If your auto upholstery business lacks adequate insurance coverage, you’re literally one fire or natural disaster away from total financial ruin. However, things don’t have to be that way.
By researching insurance plans, securing adequate coverage and making sure your policy never lapses, you can protect your livelihood and customers’ cars at the same time. If you’re not sure where to start, read “Choosing Shop Insurance” by Eddie Wieber, editor of The Shop (formerly Performance & Hotrod Business magazine).
The article was first published in February 2014, but given the number of shop fires we’ve had to report on this year, we decided to revive it for the benefit of The Hog Ring community.
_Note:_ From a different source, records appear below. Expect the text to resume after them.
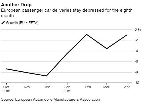 英国脱欧动荡再次影响欧洲汽车销售,4月份销量连续第八个月下降,因英国需求疲软。月度交付量下降1%,至122万辆。糟糕的表现反映了中国这一全球最大汽车市场需求的减弱,并增加了汽车制造商的逆风。全球贸易紧张局势已使该行业保持警惕,美国给欧盟和日本180天达成汽车进口和关税协议。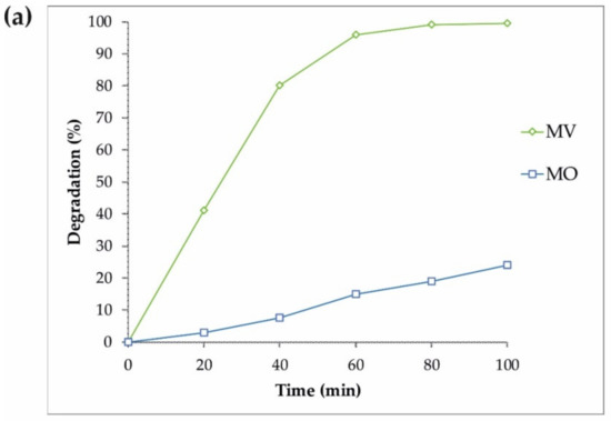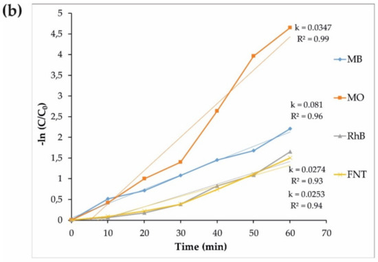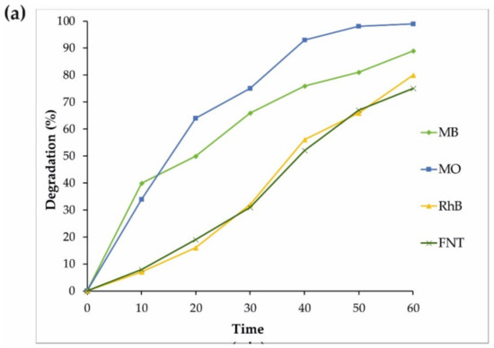 Similar experiments on the photodegradation of MV and MO were performed with the same sample (S4), and the results are displayed in Figure 6. Some additional photocatalytic degradation tests were carried out using MB, MO, FNT, and RhB pollutants to gain a better understanding of the S4 properties under an ultraviolet wavelength, and the results are shown in Figure 7. Therefore, the reduced size of sample S4 led to an increase in the surface of the nanoparticles as well as more absorption under ultraviolet rays, improving the production of the radical species and resulting in the enhancement of the degradation of dyes.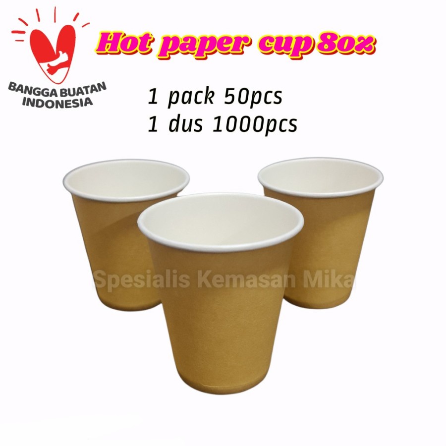 [Dus / 1000 pcs] Hot Paper Cup 8 Oz Putih Hitam Coklat Motif 240ml / Gelas Kertas 8 Oz Putih Hitam Coklat Motif 240ml Ta
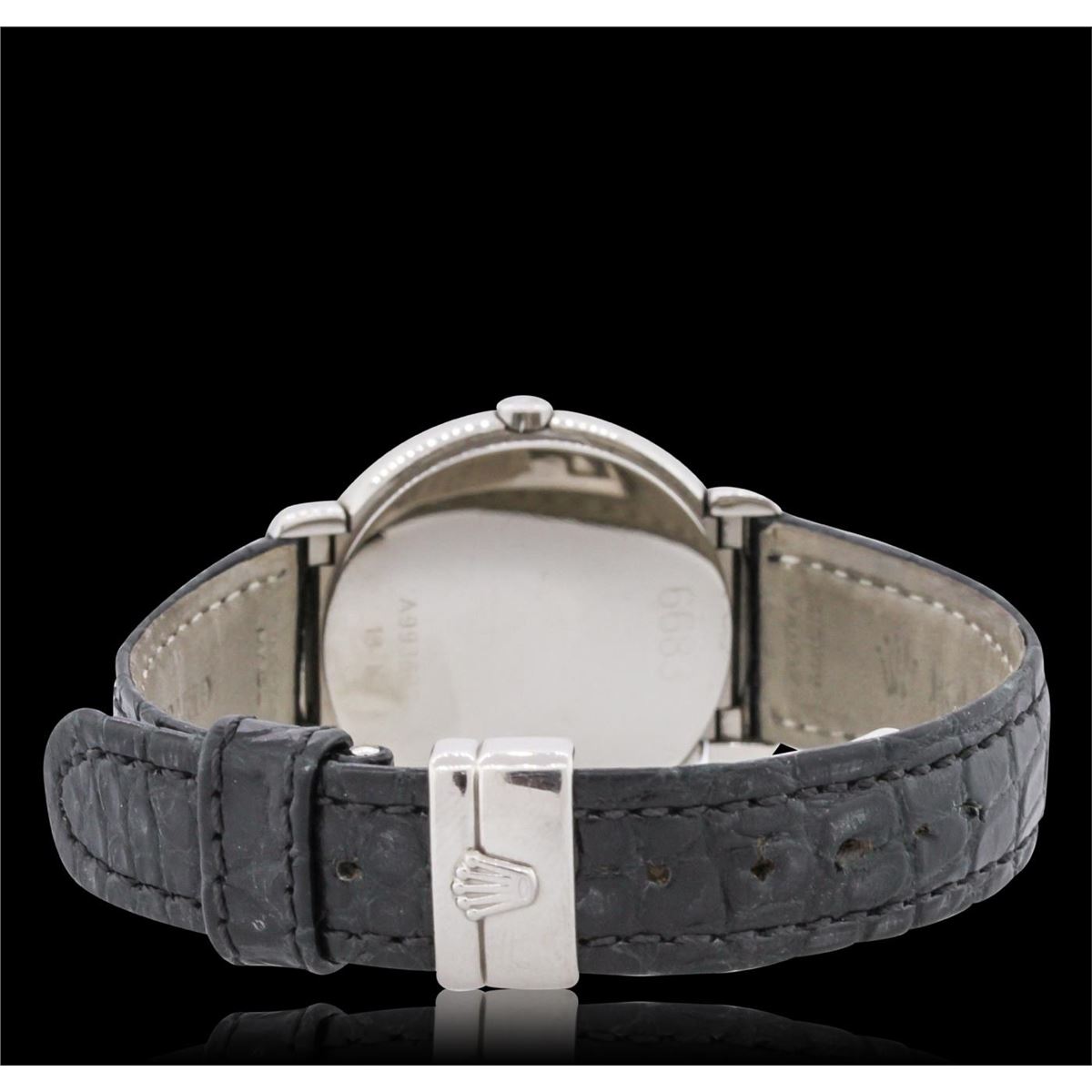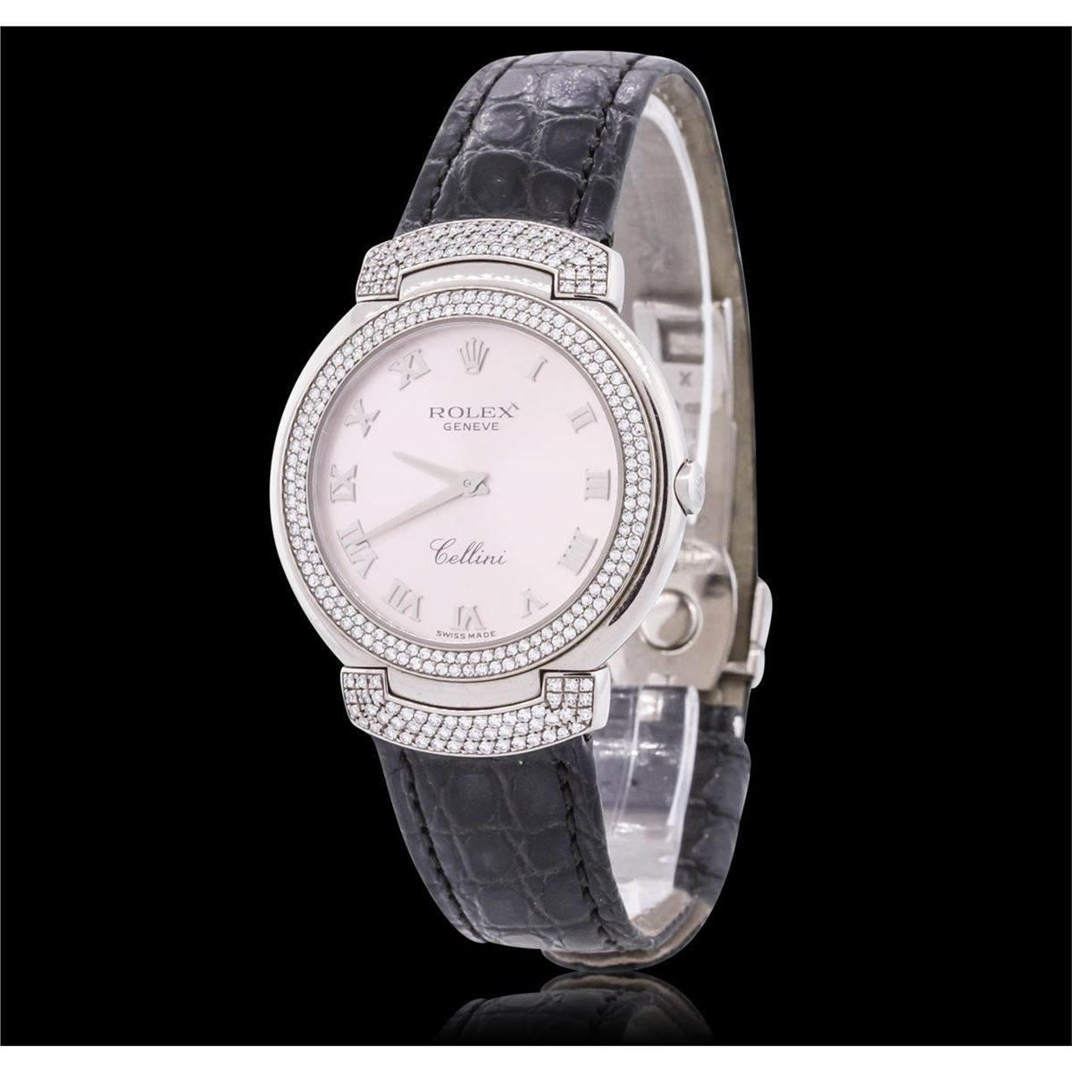 One, Rolex Cellini Cellissima wristwatch, electronically tested 18KT white gold, Case: 33mm diameter, Case Back: engraved with the manufacturers ID numbers, Bezel: diamond set, Logo'd Crown: Crystal: synthetic sapphire, Circa 1999.Movement: quartz, Dial: Pink, with pointed hands and Roman numerals, signed Rolex Cellini, Bracelet: Rolex, saddle stitched crocodile strap, 18KT white gold Buckle: Rolex concealed deployment clasp, Condition: G-5 fine. Seven and one half inch length, adjustable. Containing: Two Hundred Seventy Two single cut diamonds, approximate total weight equals 1.00ct. Set & graded in the bezel, and the case lugs. Clarity VS-1 Average. Color: F - G. Total Weight of Diamonds 1.00ct. Total Weight of Watch 58.40 grams. AIG Appraised at $19,750.00.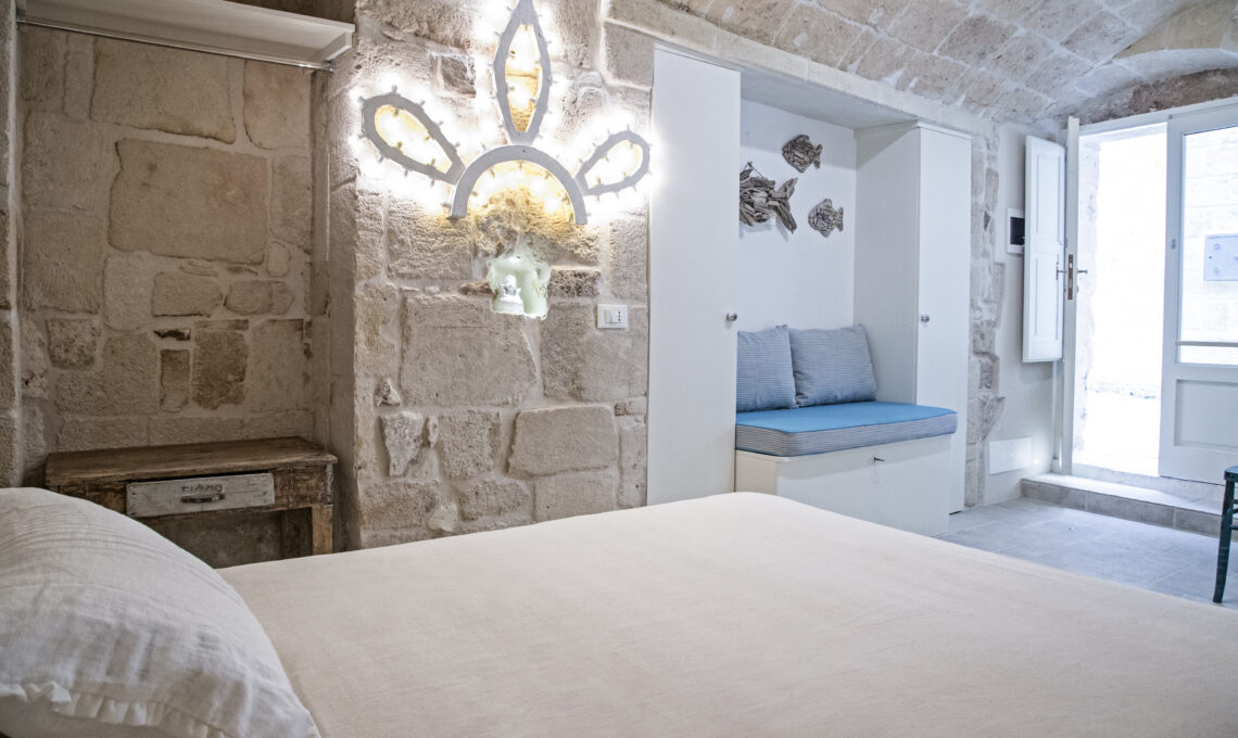 Tipiche della Puglia sono anche le luminarie che qui sono state trasformate in una originale testiera per il letto e in lampada da parete.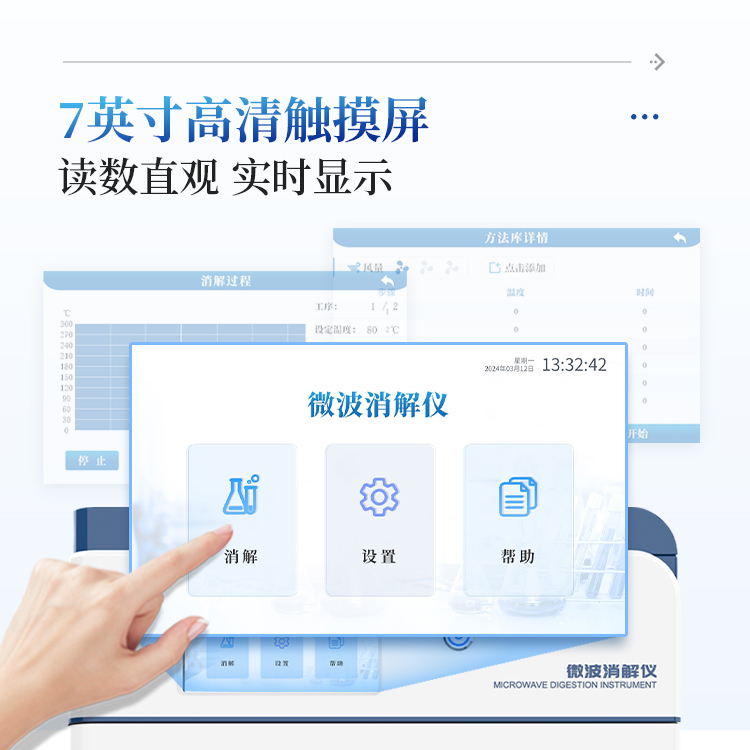 简要描述: 微波消解仪是一种用于样品前处理的设备,通过微波加热技术对样品进行快速、有效的消解。该仪器广泛应用于食品、环境保护、疾病控制、质量监督、商品检验、科研院所等领域,特别适用于各种样品的酸消解和溶剂萃取。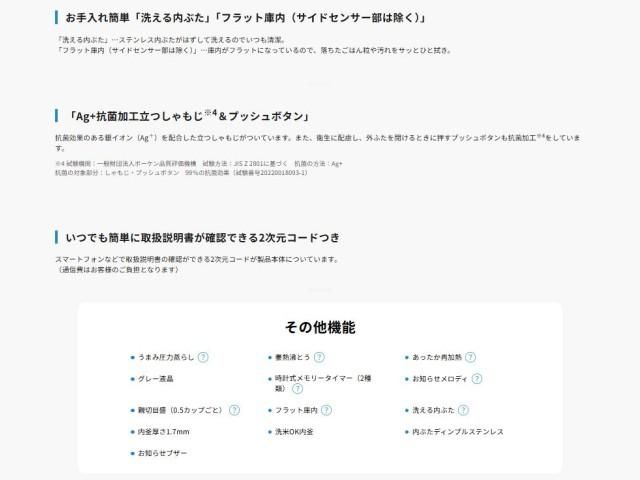 「洗える内ぶた」…ステンレス内ぶたがはずして洗えるのでいつも清潔。「フラット庫内(サイドセンサー部は除く)」は、庫内がフラットになっているので、落ちたごはん粒や汚れをサッとひと拭き。

In the article, Eddie enlists the help of Jonathan Klinger of Hagerty Insurance, John Heckman of Grundy Insurance, and an insurance risk management inspector to explain the ins and outs of shop insurance and how it differs from ordinary business insurance. The article is, without a doubt, a must read for every auto upholstery shop owner.
Below is an excerpt:
When it comes time to insure automotive shops, policies can be written to cover various aspects of the business such as tools, equipment and other tangible assets; intangibles such as loss of revenue; the building itself (if owned by the business); and other property in the building.
But there can be a big difference in policies regarding how the property that belongs to customers (i.e., their cars) is valued when inside the shop.
Most insurance companies offer Garage Keepers insurance, which protects vehicles that are in the shop, but that belong to other people. Often those vehicles are covered based on Actual Cash Value, which is defined as replacement cost less depreciation.
But custom cars don’t depreciate; they appreciate.
Grundy, Hagerty and others have recognized how different the custom car market is and instead value vehicles at what is known as an Agreed Value policy.
“This applies to projects and completed vehicles and takes into account that project vehicles increase in value as the project progresses,” says Klinger.
Heckman agrees. “If something happens when a car is in the Care, Custody and Control of the shop, the goal is to get the car owner back to that value prior to the event,” he says. “There is no depreciation. We look at build records to determine what the shop spent restoring the car.”
The article goes on to explain how premiums are determined, what’s considered high risk, and even the type of insurance language shops should note on build contracts. All in all, it’s an excellent primer to help get auto upholstery shop owners started on a path toward a more secure future.